(EXERCISE DATA)

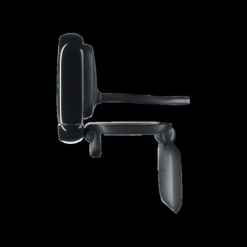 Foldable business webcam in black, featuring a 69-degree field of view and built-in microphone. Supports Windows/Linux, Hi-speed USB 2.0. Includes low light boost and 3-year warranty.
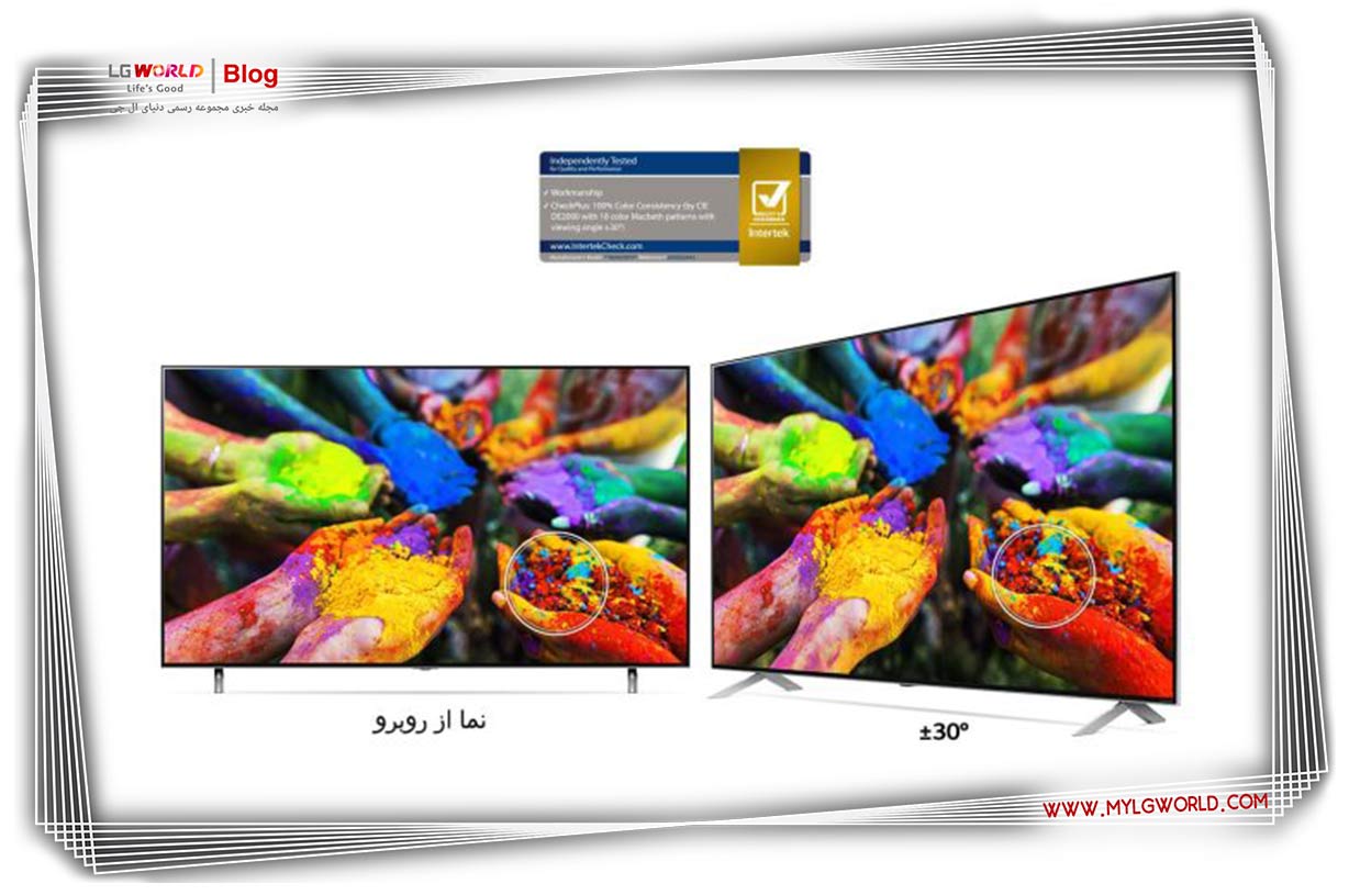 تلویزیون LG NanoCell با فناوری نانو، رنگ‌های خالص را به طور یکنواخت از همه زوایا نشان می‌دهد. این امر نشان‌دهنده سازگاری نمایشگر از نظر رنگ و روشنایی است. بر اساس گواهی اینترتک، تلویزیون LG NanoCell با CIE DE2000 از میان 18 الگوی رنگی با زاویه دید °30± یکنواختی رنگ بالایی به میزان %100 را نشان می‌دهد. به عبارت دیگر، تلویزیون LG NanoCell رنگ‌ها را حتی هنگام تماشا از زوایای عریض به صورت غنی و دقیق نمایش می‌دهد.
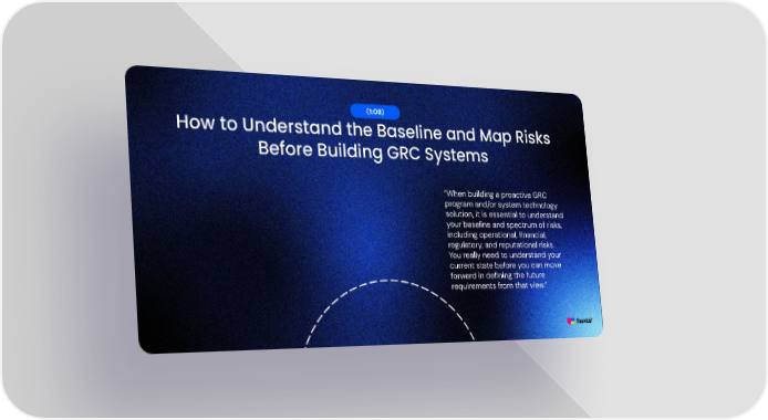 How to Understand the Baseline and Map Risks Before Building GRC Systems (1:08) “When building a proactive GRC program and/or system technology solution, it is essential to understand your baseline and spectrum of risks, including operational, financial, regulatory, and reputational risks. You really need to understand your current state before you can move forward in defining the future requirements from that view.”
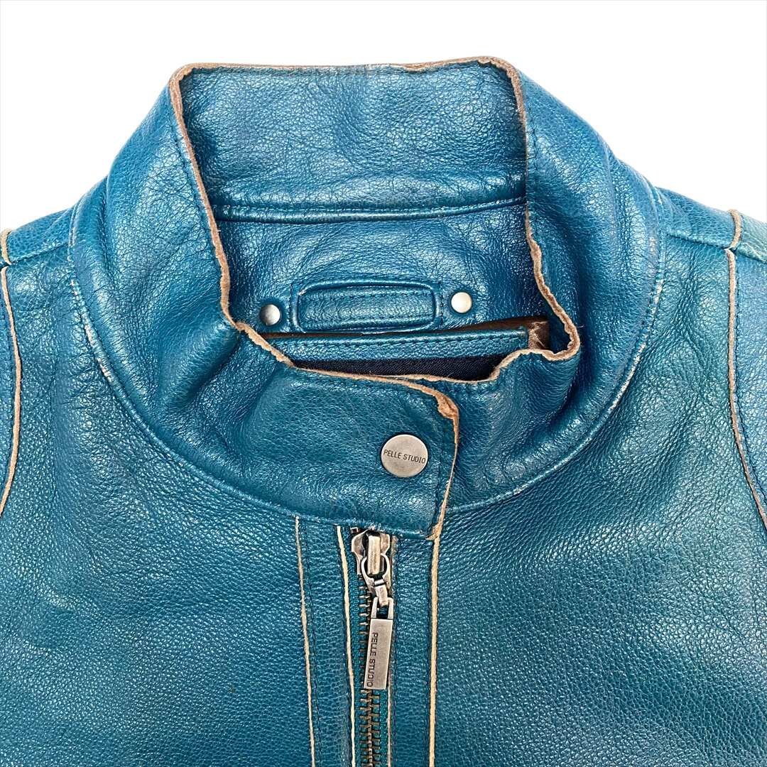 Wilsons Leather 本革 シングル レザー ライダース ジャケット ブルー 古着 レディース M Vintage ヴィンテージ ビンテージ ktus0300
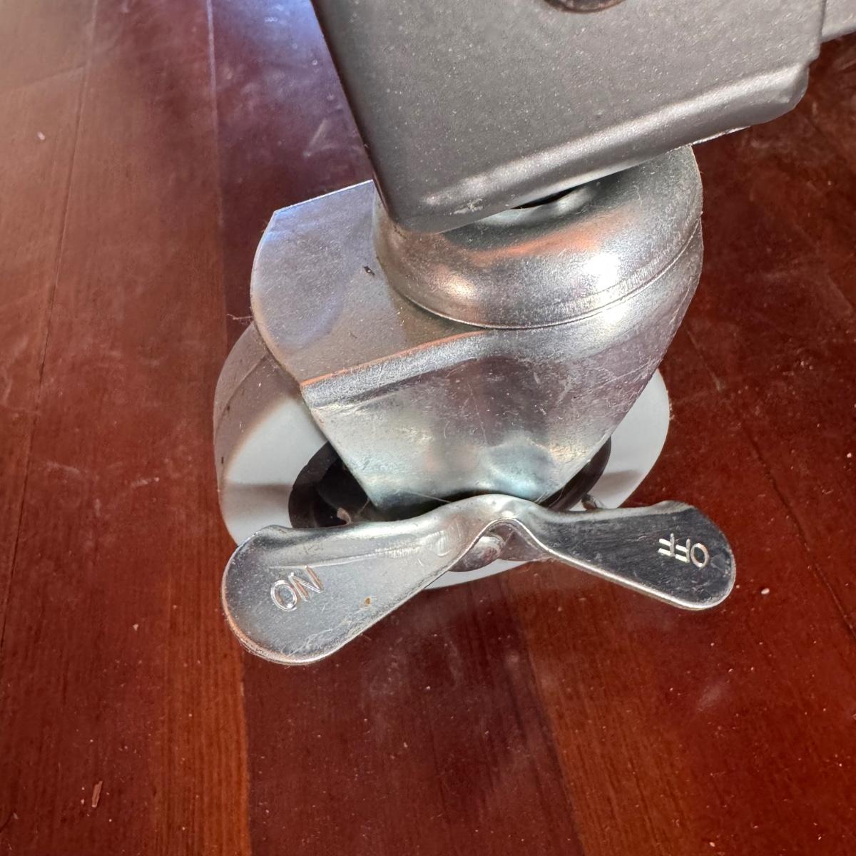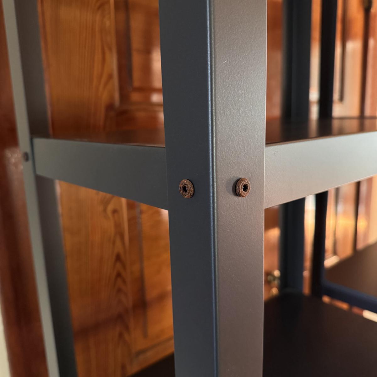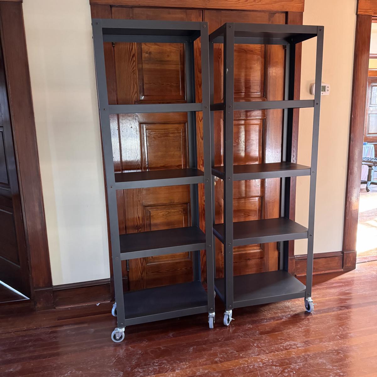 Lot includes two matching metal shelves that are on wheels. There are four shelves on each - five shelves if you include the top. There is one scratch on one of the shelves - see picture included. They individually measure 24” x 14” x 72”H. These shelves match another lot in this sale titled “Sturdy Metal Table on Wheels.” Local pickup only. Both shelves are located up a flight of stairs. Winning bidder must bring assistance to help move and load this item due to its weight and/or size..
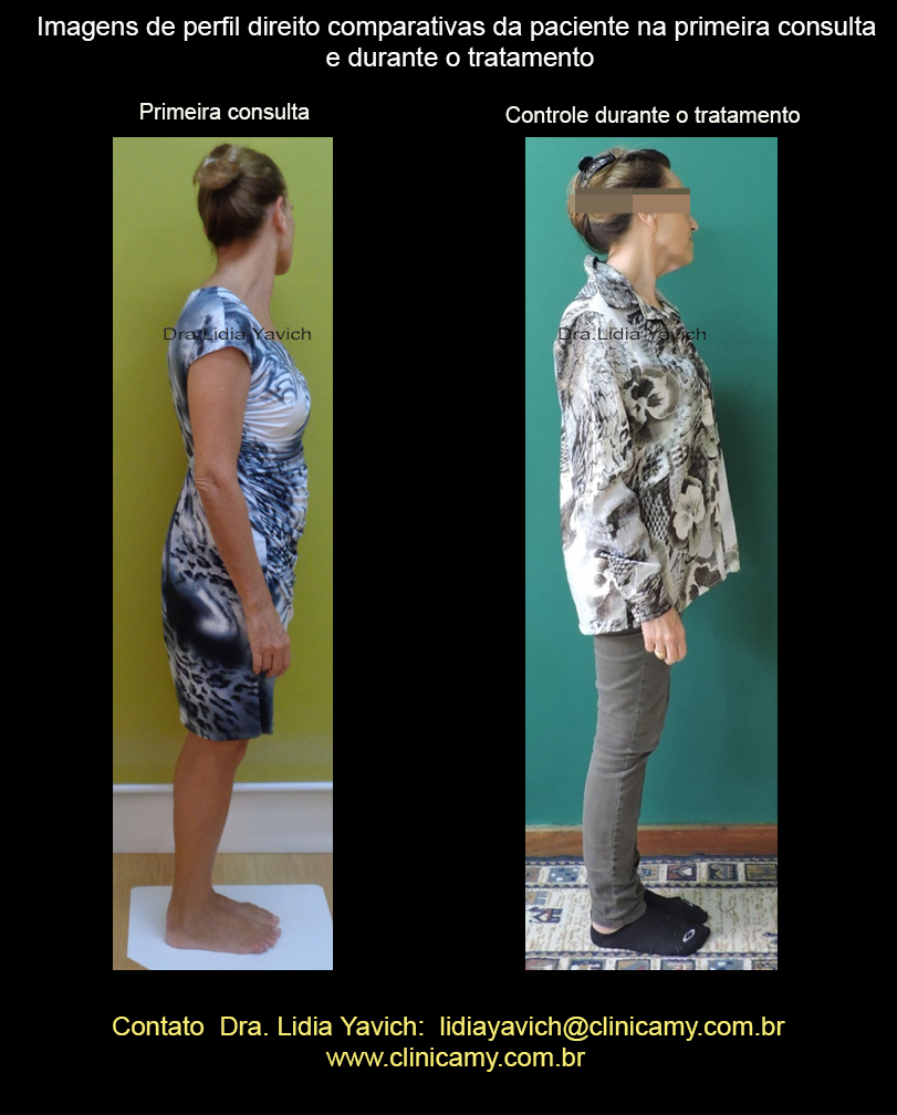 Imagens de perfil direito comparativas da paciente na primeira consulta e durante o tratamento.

(End EXERCISE DATA)
(EXERCISE DATA)

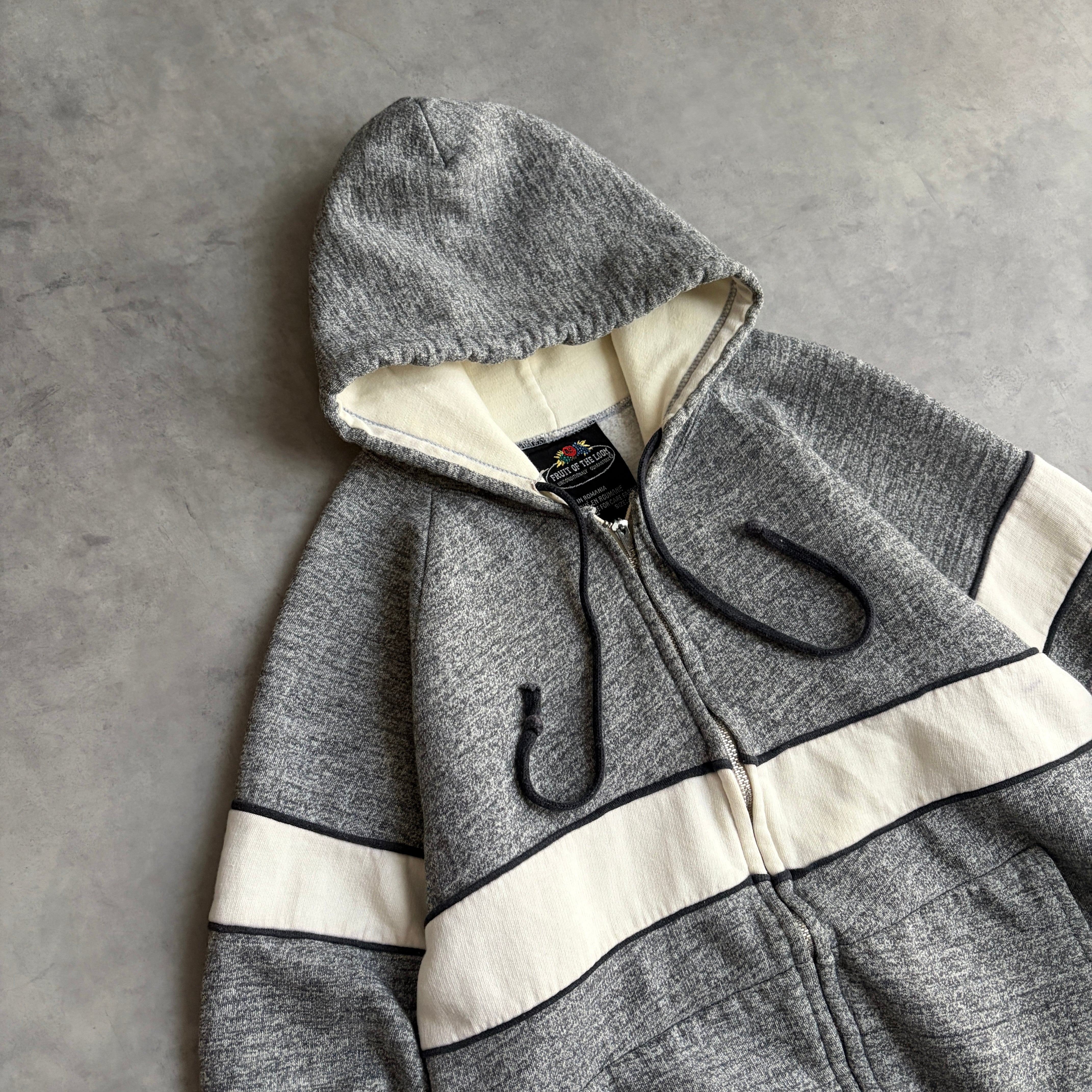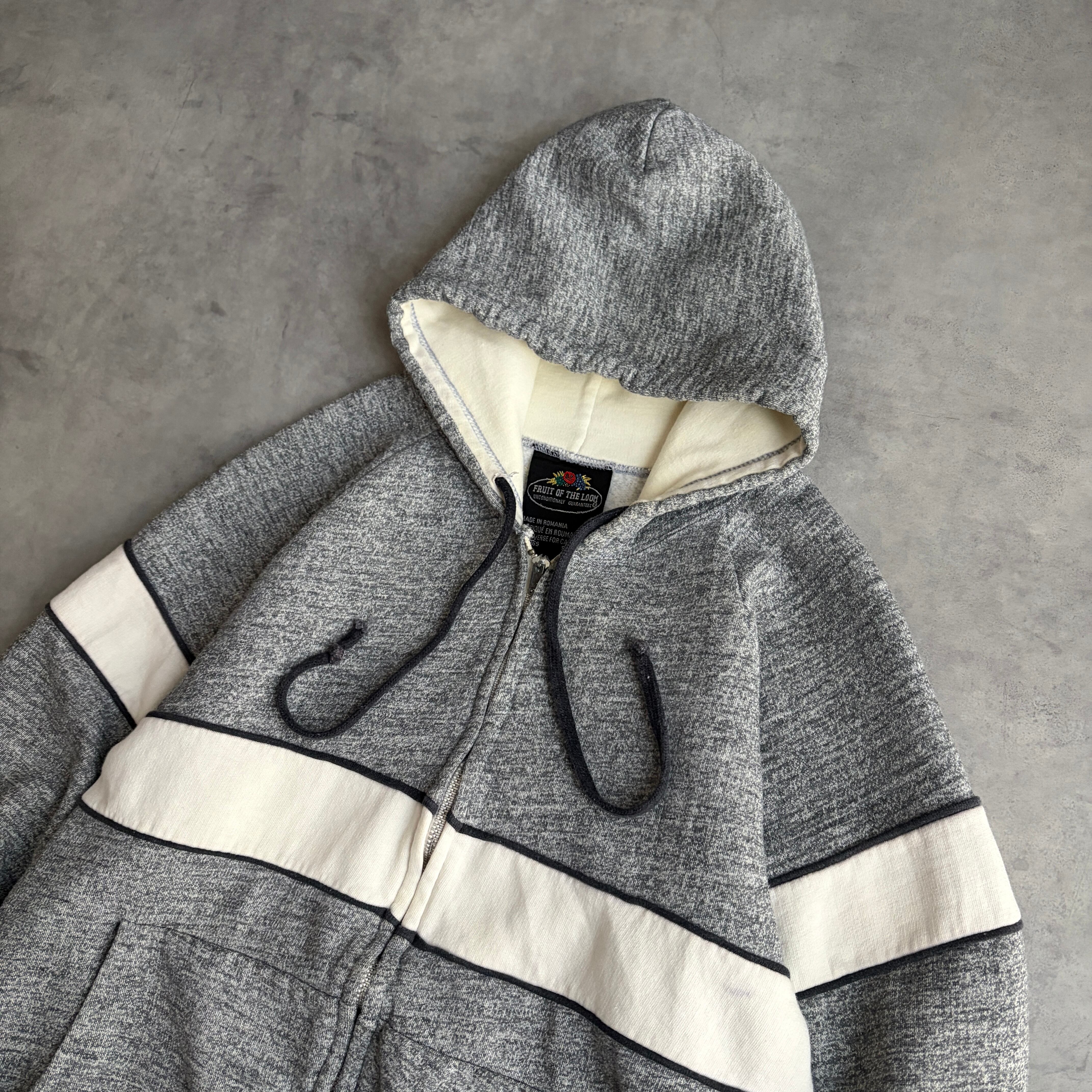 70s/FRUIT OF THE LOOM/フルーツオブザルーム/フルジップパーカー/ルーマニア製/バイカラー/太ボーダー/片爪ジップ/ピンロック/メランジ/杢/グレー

(End EXERCISE DATA)

Would you copy the lines above exactly, starting with the one that has "Foldable business webcam" and ending with the one that has "How to Understand", both included, without the pictures?

 Foldable business webcam in black, featuring a 69-degree field of view and built-in microphone. Supports Windows/Linux, Hi-speed USB 2.0. Includes low light boost and 3-year warranty.
 تلویزیون LG NanoCell با فناوری نانو، رنگ‌های خالص را به طور یکنواخت از همه زوایا نشان می‌دهد. این امر نشان‌دهنده سازگاری نمایشگر از نظر رنگ و روشنایی است. بر اساس گواهی اینترتک، تلویزیون LG NanoCell با CIE DE2000 از میان 18 الگوی رنگی با زاویه دید °30± یکنواختی رنگ بالایی به میزان %100 را نشان می‌دهد. به عبارت دیگر، تلویزیون LG NanoCell رنگ‌ها را حتی هنگام تماشا از زوایای عریض به صورت غنی و دقیق نمایش می‌دهد.
 How to Understand the Baseline and Map Risks Before Building GRC Systems (1:08) “When building a proactive GRC program and/or system technology solution, it is essential to understand your baseline and spectrum of risks, including operational, financial, regulatory, and reputational risks. You really need to understand your current state before you can move forward in defining the future requirements from that view.”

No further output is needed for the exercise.